§ WORK INSTRUCTIONS: Every line from the one holding "This page presents" through the one holding "Ingredientes:55 ml Leche1" in the data below must be returned exactly, both ends included, with pictures left out and nothing else added.

§ WORKING DATA:
----
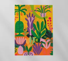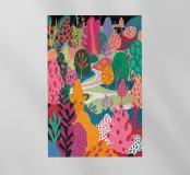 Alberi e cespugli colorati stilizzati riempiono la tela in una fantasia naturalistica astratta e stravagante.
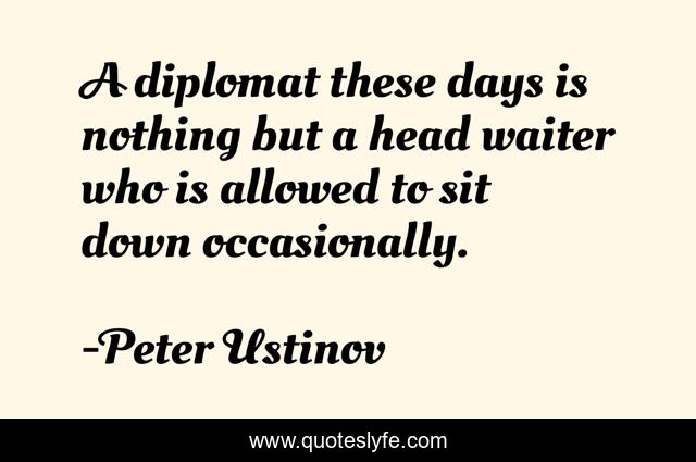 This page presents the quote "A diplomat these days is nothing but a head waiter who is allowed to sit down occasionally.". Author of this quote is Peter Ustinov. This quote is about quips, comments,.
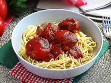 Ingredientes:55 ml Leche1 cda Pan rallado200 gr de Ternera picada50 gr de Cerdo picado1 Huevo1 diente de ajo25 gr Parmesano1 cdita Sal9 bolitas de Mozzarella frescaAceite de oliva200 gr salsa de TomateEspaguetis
----
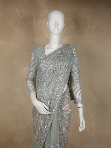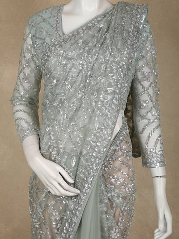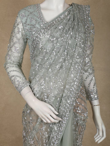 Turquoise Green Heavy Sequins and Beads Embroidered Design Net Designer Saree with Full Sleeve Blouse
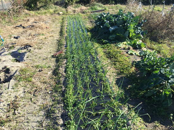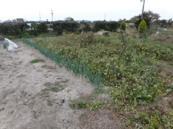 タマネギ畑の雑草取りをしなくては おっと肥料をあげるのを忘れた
----
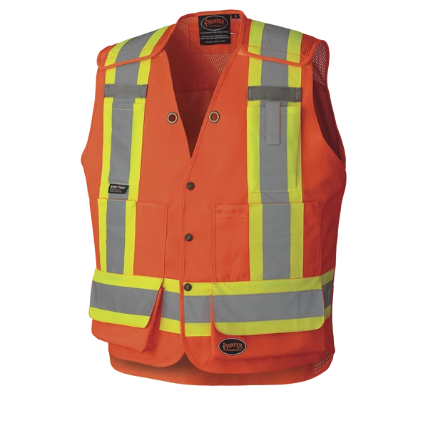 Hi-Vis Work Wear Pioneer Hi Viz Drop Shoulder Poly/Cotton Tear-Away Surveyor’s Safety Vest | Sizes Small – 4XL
----
§ YOUR SOLUTION:
 This page presents the quote "A diplomat these days is nothing but a head waiter who is allowed to sit down occasionally.". Author of this quote is Peter Ustinov. This quote is about quips, comments,.
 Ingredientes:55 ml Leche1 cda Pan rallado200 gr de Ternera picada50 gr de Cerdo picado1 Huevo1 diente de ajo25 gr Parmesano1 cdita Sal9 bolitas de Mozzarella frescaAceite de oliva200 gr salsa de TomateEspaguetis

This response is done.